With Calvin Klein’s New Sterling Ruby-Designed Store, Raf Simons Is Rethinking Fashion—and Art
The widely admired designer—a passionate art collector—is changing the rules of the game.
When it comes to creative collaborators, you’d be hard-pressed to find a more prolific duo than fashion designer Raf Simons and artist Sterling Ruby.
Since last year, Simons has been the chief creative officer at the American brand Calvin Klein. It’s a matchup that has thrilled the fashion industry, promising to inject a dose of the designer’s European high-mindedness into the minimalist label popularly known for its provocative advertisements and brilliance at remaking commonplace garments (like jeans and underwear) as designer fashion items.
From the start, Simons has also imported his extensive art-world credibility, launching an indelible ad campaign in the spring that emphatically paired the classic Calvin staples with contemporary art, showing slender models sporting undergarments while contemplating masterpieces. The designer’s love of art is impressively thoroughgoing and eclectic. In a recent Vanity Fair profile, for example, it’s casually mentioned that Simons has a pair of Picasso vases on his desk (!) and that he’s a fan of Warhol, Balthus, Cindy Sherman, Anne Collier, and Cady Noland, among others.
Simons, meanwhile, has had a longstanding work relationship with Ruby, the Los Angeles-based artist known for his large-scale paintings and mixed-media sculptures that bring to mind subjects as disparate as graffiti, the universe, rusting cars, and urban decay. The two have known each other for a decade since being introduced by Ruby’s dealer at the time, and they have collaborated sporadically over the years on such projects as a limited-edition collection of men’s clothing for Simons’ own eponymous label in 2014, textiles for a couture collection that Simons designed while he was at the French label Dior, and, most recently, the newly revamped Calvin Klein 205W38NYC flagship boutique on Madison Avenue.
What was once a sterile white box located at the junction where Midtown Manhattan gives way to the tony Upper East Side, the four-story space is now a riot of color, mainly yellow—a dazzling installation that’s searing, and daring, in its flamboyance. The store is in a holding position of sorts as it awaits a comprehensive remodeling, and Ruby’s work is meant to reflect that impermanence, that state of in-betweenness. Scaffolding intersects with the space as if it were already under construction. From it hang large strips of fringe, oversized tassels, and homespun quilts—textiles that recall Simons’s first collection for Calvin Klein, a cultural interloper’s modernist take on ideas of Americana, ranging from frontier plains to ’50s suburbia to denim-clad rebels.

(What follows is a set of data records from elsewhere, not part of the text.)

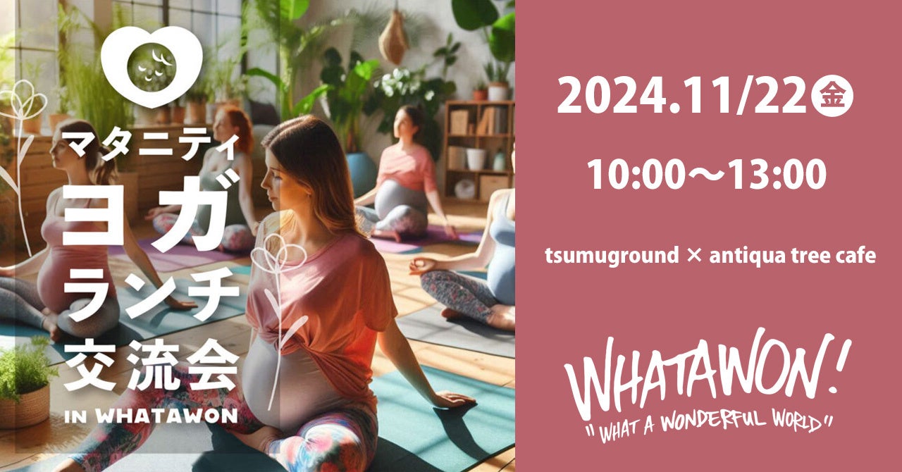 株式会社antiqua(本社:大阪府和泉市)が手がける南大阪の滞在型エンターテインメントモール「WHATAWON」で、現役看護師のインストラクターが講師を務めるヨガレッスン『マタニティヨガランチ交流会』が開催されます。妊娠中のママが安心してリラックスしながら心と体をリフレッシュできるイベントとなっております。たくさんのご参加をお待ちしております。
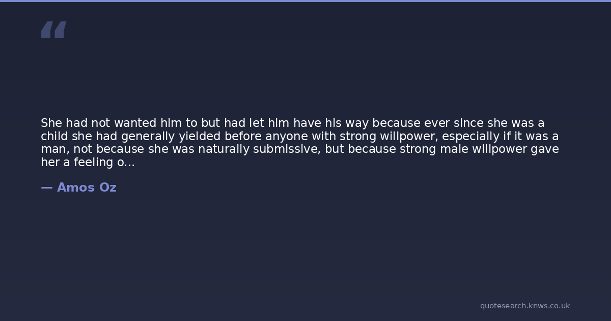 She had not wanted him to but had let him have his way because ever since she was a child she had generally yielded before anyone with strong willpower, especially if it was a man, not because she was naturally submissive, but because strong male willpower gave her a feeling of safety and trust, together with acceptance and a desire to give in.
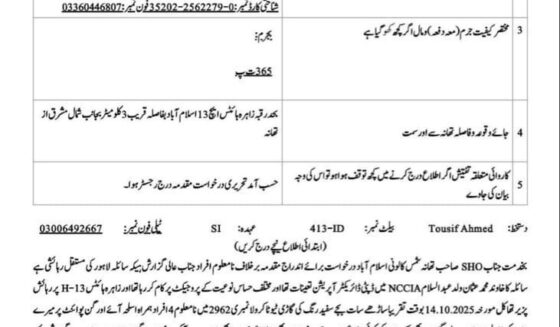 نیشنل سائبر کرائم انوسٹی گیشن ایجنسی کے افسر کے اغواء کا مقدمہ درج اسلام آباد سے نیشنل سائیبر کرائم انویسٹیگیشن ایجینسی (NCCIA) آف FIA کے ڈپٹی ڈائریکٹر آپریشنز کو گھر سے گن پوائنٹ پر اغواء کر لیا گیا تھا تھانہ…
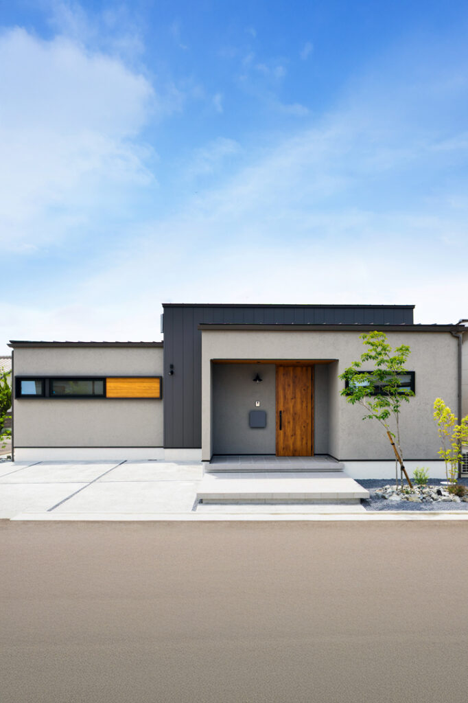 ブラック、ホワイトの吹付塗装は、カッコ良さもありながら質感の美しさが際立ちます。レッドシダーで自然の木目が持つ温かさもプラスしました。
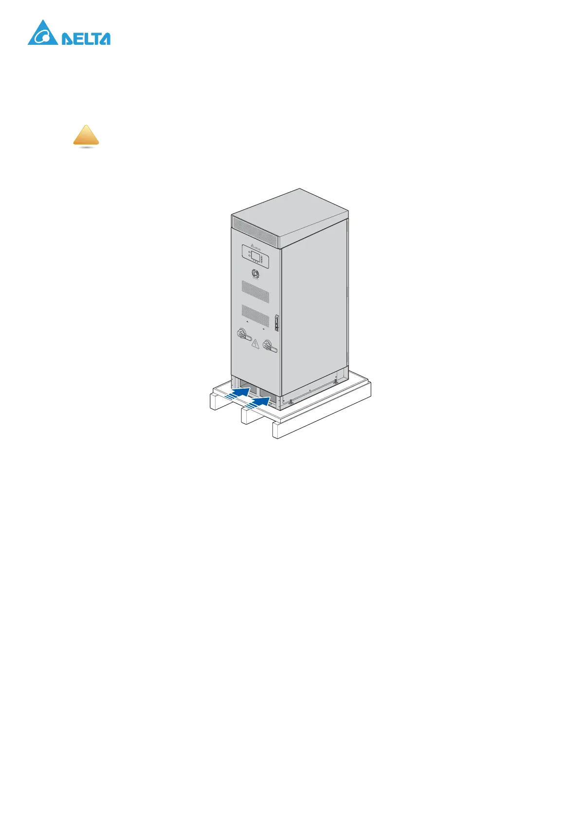 d. Align the forklift with the bottom channels on the cabinet, see the following image.
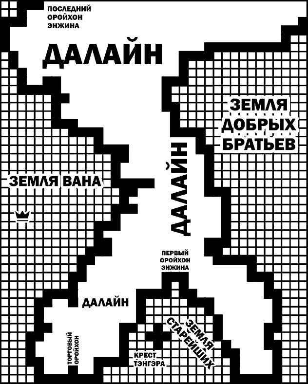 Соседи жили с двух сторон, но стороны были явно неравноценны. На востоке простиралась обширная страна, состоящая из множества оройхонов, выстроенных Ваном — илбэчем, жившим много лет назад и оставившим следы своих трудов во всех землях. Правители восточных земель называли себя ванами и возводили свой род к знаменитому илбэчу, хотя всякий знал, что древнее проклятие обрекало строителя оройхона на одиночество. Но противоречить царственному мнению никто не смел, тем более что удачливый Ван умер неразгаданным, и теперь на его счёт можно было строить какие угодно домыслы. Ближайший восточный оройхон выходил на далайн лишь одним углом, и хотя жизнь на нём, казалось, была такой же, что и на пострадавшем острове, но считался он особым, ибо прикрывал сухие земли царствующего вана. Соваться туда — значит столкнуться с хорошо вооружёнными и безжалостными цэрэгами, охраняющими от вторжения чужаков перенаселённые земли. Ясно, что на восток пути не было, в добрые времена цэрэги могли торговать, но никакой помощи не оказывали ни прежде, ни тем более сейчас.
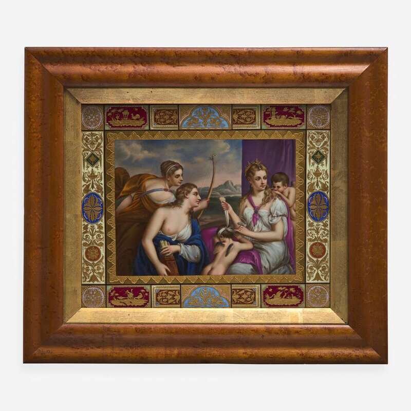 With painted border decorated with Classical motifs, the back inscribed in red, "Diana," framed.
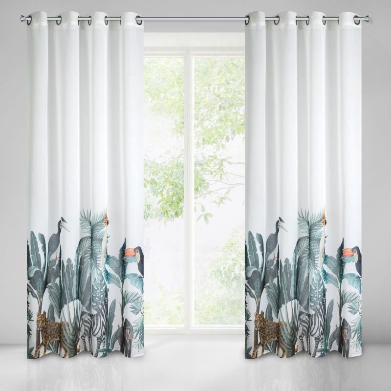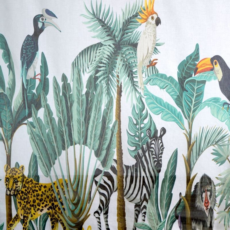 ORYGINALNE, ZWIEWNE FIRANY / ZASŁONY Z ETAMINY DRUKOWANEJ PANELOWO. MOTYW DŻUNGLI OD JAKIEGOŚ CZASU WPISAŁ SIĘ W TRENDY WNĘTRZARSKIE. TKANINY Z TAKIM MOTYWEM ZDOBIĄ JUŻ NIE JEDNO WNĘTRZE - ALE SZUKAMY CIĄGLE CZEGOŚ ORYGINALNEGO W TYM STYLU. FIRANA / ZASŁONA LOTTIE TO ŚWIETNA POZYCJA - NIE SZTAMPOWA, NIESPOTYKANA I ORYGINALNA. PANELOWY DRUK O CIEKAWYM CHARAKTERZE - ŁĄCZĄCY ZE SOBĄ MOTYWE ROŚLINNY I ZWIERZĘCY BĘDZIE Z PEWNOŚCIĄ CIEKAWYM AKCENTEM DEKORACYJNYM W KAŻDYM WNĘTRZU.
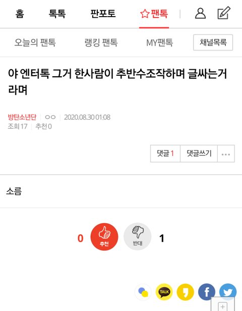야 엔터톡 그거 한사람이 추반수조작하며 글싸는거라며
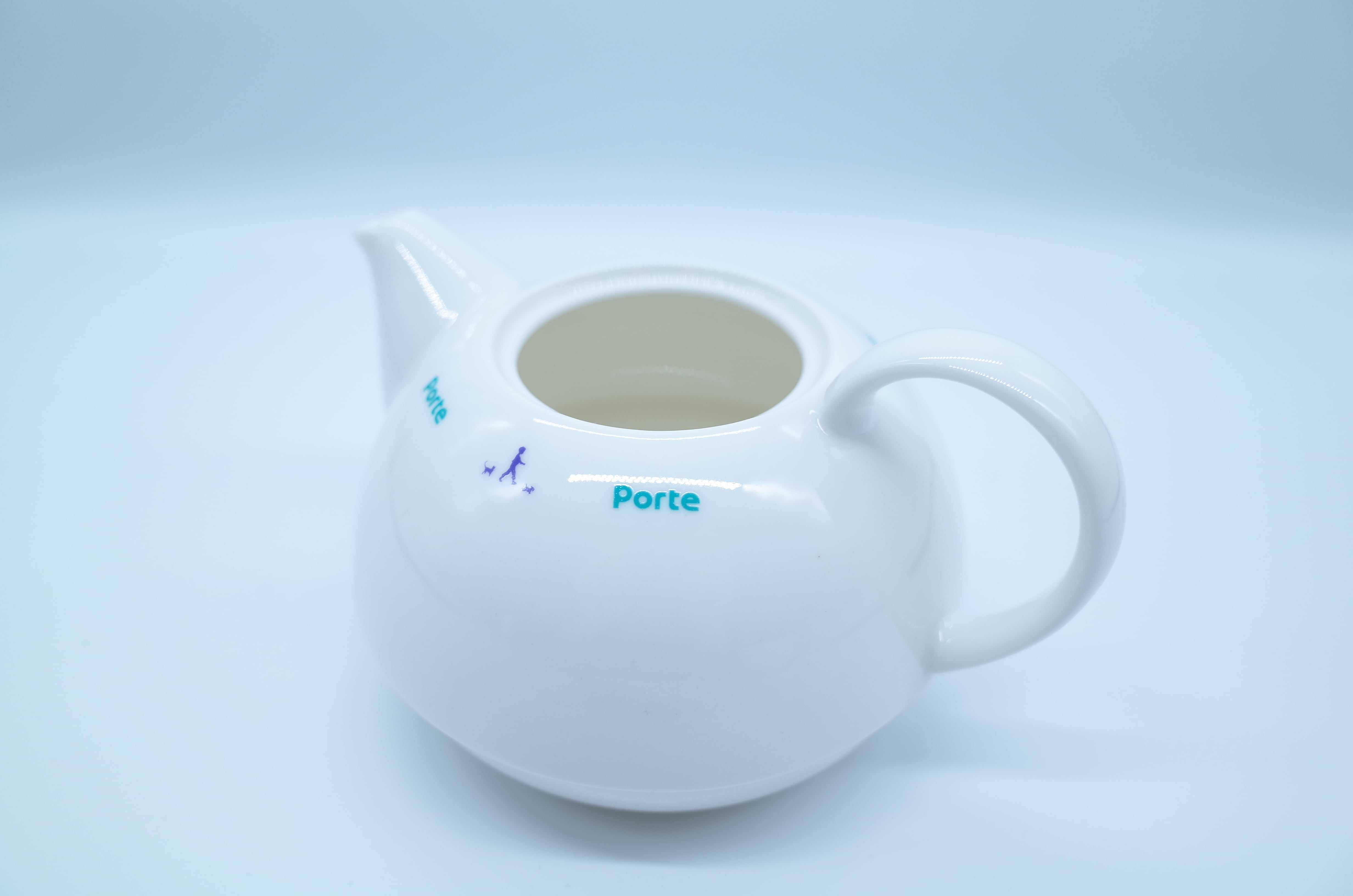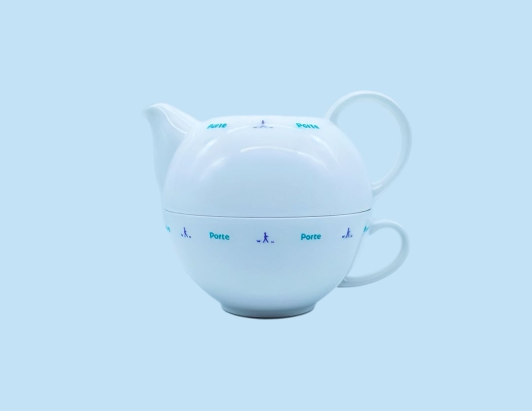 淡いブルーで配されたロゴと小さな人物アイコンの組み合わせがユニークで、どこか北欧陶器のような“柔らかい雰囲気”をまとったデザインです。

“I wanted the store to generate a very immediate physical experience that could as well be intimately connected to the collections,” Simons said in a statement. “It is also a continuation of the language I am creating with Sterling for Calvin Klein’s visible and physical identity. The use of very direct and familiar references common to the American visual experience creates a simple and emotional connection with the brand.” The shocking break from the boutique’s past incarnation is purposeful, with art helping craft an about-face in corporate identity. “I’m taking the Calvin Klein flagship store from minimal to maximal,” Ruby said in the statement. “My design should be seen as a marker to celebrate the future of the brand.”
Recently, there’s been a lot of overlap between designers and artists—Jeff Koons designed Old Master-themed bags for Louis Vuitton, for example, which can be seen in their store window directly across from Calvin Klein—but this takes the collaborative process to a new, unexpected place. Does an artist designing a store interior make the space a de facto gallery or experiential art installation? Perhaps that sort of liminal confusion is also baked into Simons and Ruby’s collaborative process, blending the work so comprehensively that the results defy categorization—as art or fashion, gallery or boutique—and forge a new ideal.
One thing’s for certain: thanks to online shopping, consumers are losing interest in brick-and-mortar shops—with malls dying at an alarming rate—so rethinking the concept of what a store can be is a necessary part of retail’s evolution. Wouldn’t a cosmopolitan would-be buyer prefer not to feel like a mere cog in fashion’s seasonal wheel of commerce, but instead something closer to a patron of the arts—a sophisticate who’s buying not a blouse but a piece of cultural capital? In these times when designer clothing has lost much of its exclusive luster, that might be the ultimate fashion accessory: status as a cultural insider. At the very least, the intense yellow is a welcome break from the hushed and tasteful default mode of much store design. It’s refreshing.
Simons, ironically, is still somewhat dubious about the exact relation between art and fashion, and even frowns upon clothes being shown in museums—as with the current Comme des Garcons show at the Met. When asked if he sees himself as an artist, “No,” he tells Vanity Fair. “But maybe I would want to do art. I know people would criticize it once you’ve been defined as a fashion designer…. But it would be a whole different thing. It would be purely a comment that I needed to make, and it would be out there. If I ever would want to do it, it would probably be just because I need to do things…. I would go crazy if I didn’t do my things.” He adds: “The ideas, they have to go out, one way or another.”